GIVEN DATA START

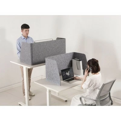 This Desktop Privacy Panel is a fast and easy way to create a barrier to provide privacy and social distancing when working or studying. It works with most desks and flat work surfaces. Simply unfold the side panels and set it up. No tools or assembly is needed. It is made from thick polyester fabric, a material can be used for tacking on reminders, notes, or even decor.
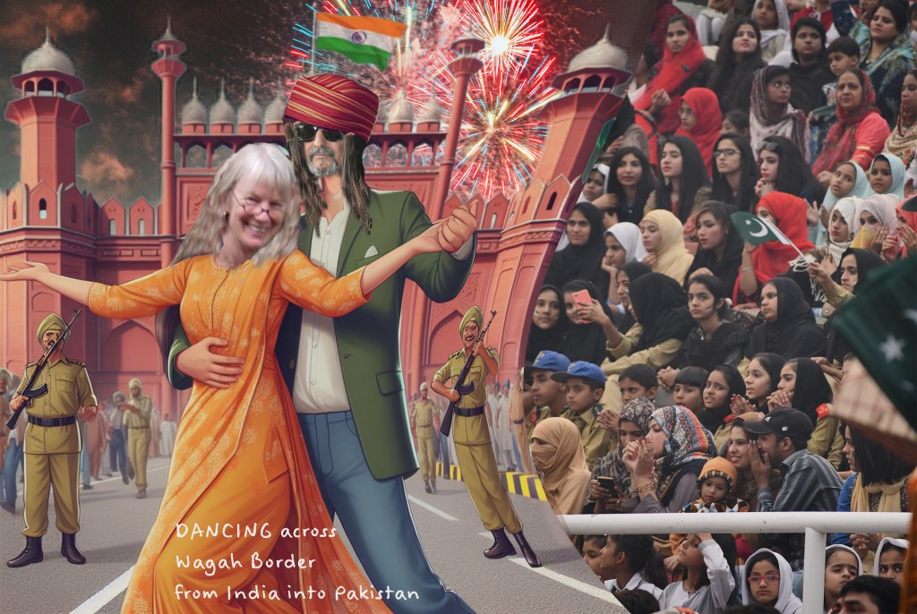 In the previous three times to Lahore we flew. Always a long way either through Dubai or KL. Having gone to the big nightly celebrations, one on the India side twice on the Pakistan side to see the place empty was a goal. The border opens at ten am and we were there in line. We would have been first, but I wanted a cup of coffee which put us behind a couple of other people. Going through was easy as. They checked our passports, put our bags through a scanner – I showed them my pacemaker saying I could not go through their bloody scanning device, though not exactly in those words and as usual no one wants to go near me after that. We got to their big mean looking fence and gate, they opened it, we took some photos, though I didn’t think in the moment to have a picture of Narda with one foot in India and one foot in Pakistan. We will do that on the way back which will be the next blog. They let us take photos of the gate and the guards and everyone seemed pleased with their lot in life, considering these two nuclear armed countries have a terrible past of killing each other – reading a book about that now, “Train to Pakistan” by Khushwant Singh. So many thousands killed one another in 1947 on both sides.
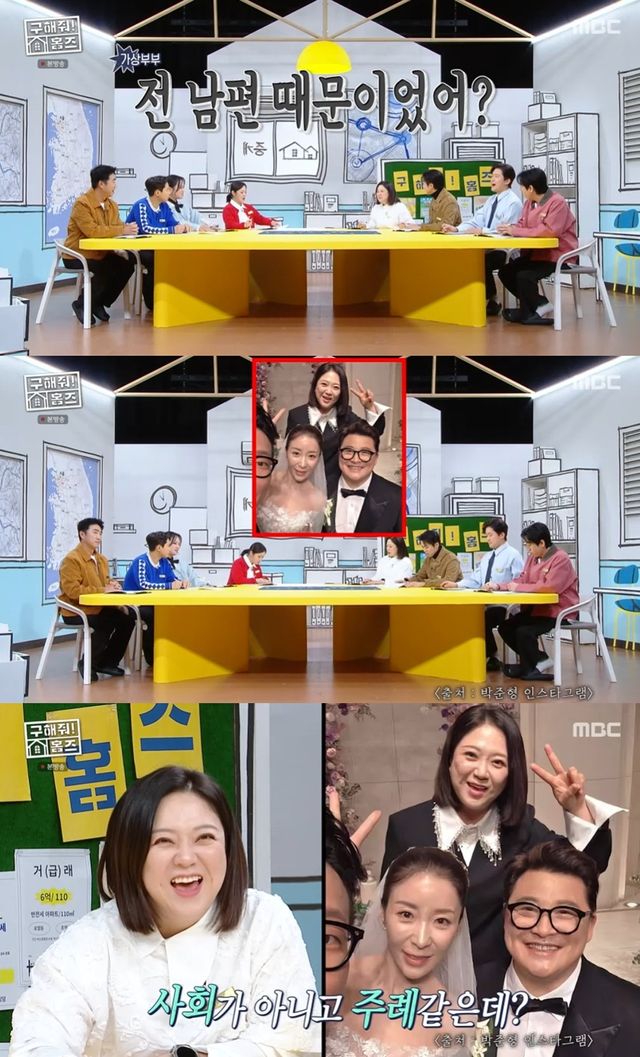 중국 임장에 갔으나 윤정수 결혼식 참석을 위해 힘든 일정을 소화했다는 김숙과 결혼식 사진을 본 박나래는 "결혼식 이야기 좀 해달라. 분명 세 분이서 찍은 사진 보면 주례 같다. 어떻게 된 거냐"고 너스레를 떨었다.
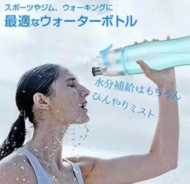 このドリンクボトルは740mlの容量があり、充実のスプレー機能を搭載しています。運動前や後にはもちろん、熱い日差しの中での使用も非常に便利です。ミストを吹きかけることで、体温を下げ、爽快感を体験できます。持ち運びの際にも便利なデザインで、外出先でも効果的に水分補給できます。
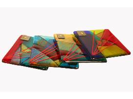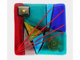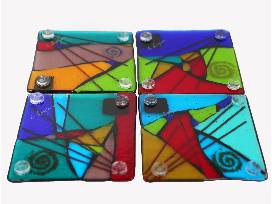 This vivid set of four multicolored hand cut fused glass coasters by Navajo artist, Dr. Carol Lujan is a brilliant addition to your home decor. Each coaster measures 4 x 4 inches.
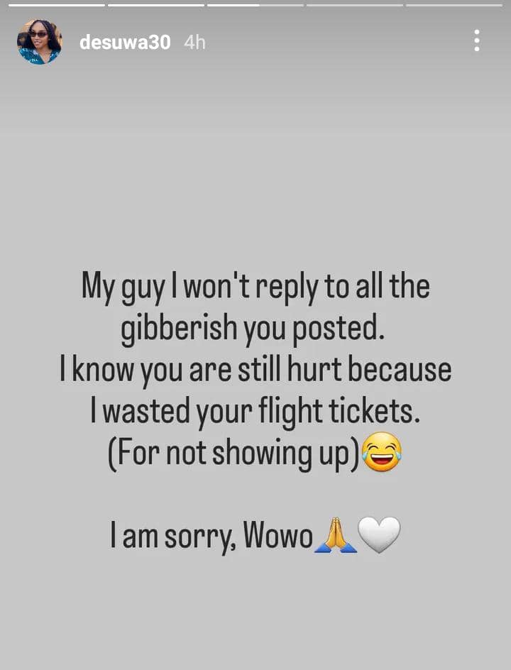 She wrote: “My guy I won’t reply to all the gibberish you posted. I know you are still hurt because I wasted your flight tickets. (For not showing up) I am sorry, Wowo.
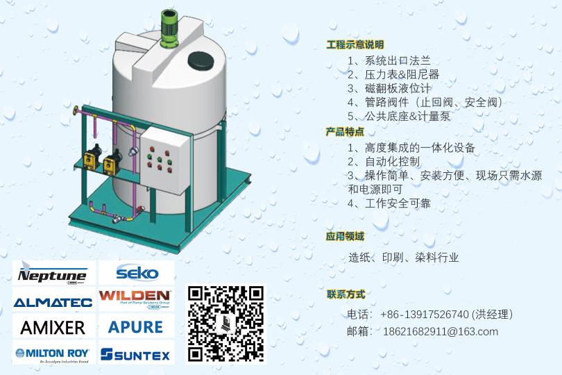 循環(huán)水加藥裝置,示蹤劑加藥裝置,遠程控制DCS加藥裝置,PAC加藥裝置,PAM加藥裝置,酸堿中和加藥裝置,冷卻塔加藥裝置,干粉投加裝置,高分子自動泡藥機,PAM自動制備系統(tǒng),絮凝劑制備系統(tǒng),PAC自動溶解混合配制裝置,純水反滲透裝置,軟化水系統(tǒng),過濾系統(tǒng),遠程控制系統(tǒng),安全閥,背壓閥,流量校正柱,管道式流量計等。

GIVEN DATA END

ACTION ITEM: Your copy of the entries must be exact and must contain no pictures.

WRITTEN REPLY:
 This Desktop Privacy Panel is a fast and easy way to create a barrier to provide privacy and social distancing when working or studying. It works with most desks and flat work surfaces. Simply unfold the side panels and set it up. No tools or assembly is needed. It is made from thick polyester fabric, a material can be used for tacking on reminders, notes, or even decor.
 In the previous three times to Lahore we flew. Always a long way either through Dubai or KL. Having gone to the big nightly celebrations, one on the India side twice on the Pakistan side to see the place empty was a goal. The border opens at ten am and we were there in line. We would have been first, but I wanted a cup of coffee which put us behind a couple of other people. Going through was easy as. They checked our passports, put our bags through a scanner – I showed them my pacemaker saying I could not go through their bloody scanning device, though not exactly in those words and as usual no one wants to go near me after that. We got to their big mean looking fence and gate, they opened it, we took some photos, though I didn’t think in the moment to have a picture of Narda with one foot in India and one foot in Pakistan. We will do that on the way back which will be the next blog. They let us take photos of the gate and the guards and everyone seemed pleased with their lot in life, considering these two nuclear armed countries have a terrible past of killing each other – reading a book about that now, “Train to Pakistan” by Khushwant Singh. So many thousands killed one another in 1947 on both sides.
 중국 임장에 갔으나 윤정수 결혼식 참석을 위해 힘든 일정을 소화했다는 김숙과 결혼식 사진을 본 박나래는 "결혼식 이야기 좀 해달라. 분명 세 분이서 찍은 사진 보면 주례 같다. 어떻게 된 거냐"고 너스레를 떨었다.
 このドリンクボトルは740mlの容量があり、充実のスプレー機能を搭載しています。運動前や後にはもちろん、熱い日差しの中での使用も非常に便利です。ミストを吹きかけることで、体温を下げ、爽快感を体験できます。持ち運びの際にも便利なデザインで、外出先でも効果的に水分補給できます。
 This vivid set of four multicolored hand cut fused glass coasters by Navajo artist, Dr. Carol Lujan is a brilliant addition to your home decor. Each coaster measures 4 x 4 inches.
 She wrote: “My guy I won’t reply to all the gibberish you posted. I know you are still hurt because I wasted your flight tickets. (For not showing up) I am sorry, Wowo.
 循環(huán)水加藥裝置,示蹤劑加藥裝置,遠程控制DCS加藥裝置,PAC加藥裝置,PAM加藥裝置,酸堿中和加藥裝置,冷卻塔加藥裝置,干粉投加裝置,高分子自動泡藥機,PAM自動制備系統(tǒng),絮凝劑制備系統(tǒng),PAC自動溶解混合配制裝置,純水反滲透裝置,軟化水系統(tǒng),過濾系統(tǒng),遠程控制系統(tǒng),安全閥,背壓閥,流量校正柱,管道式流量計等。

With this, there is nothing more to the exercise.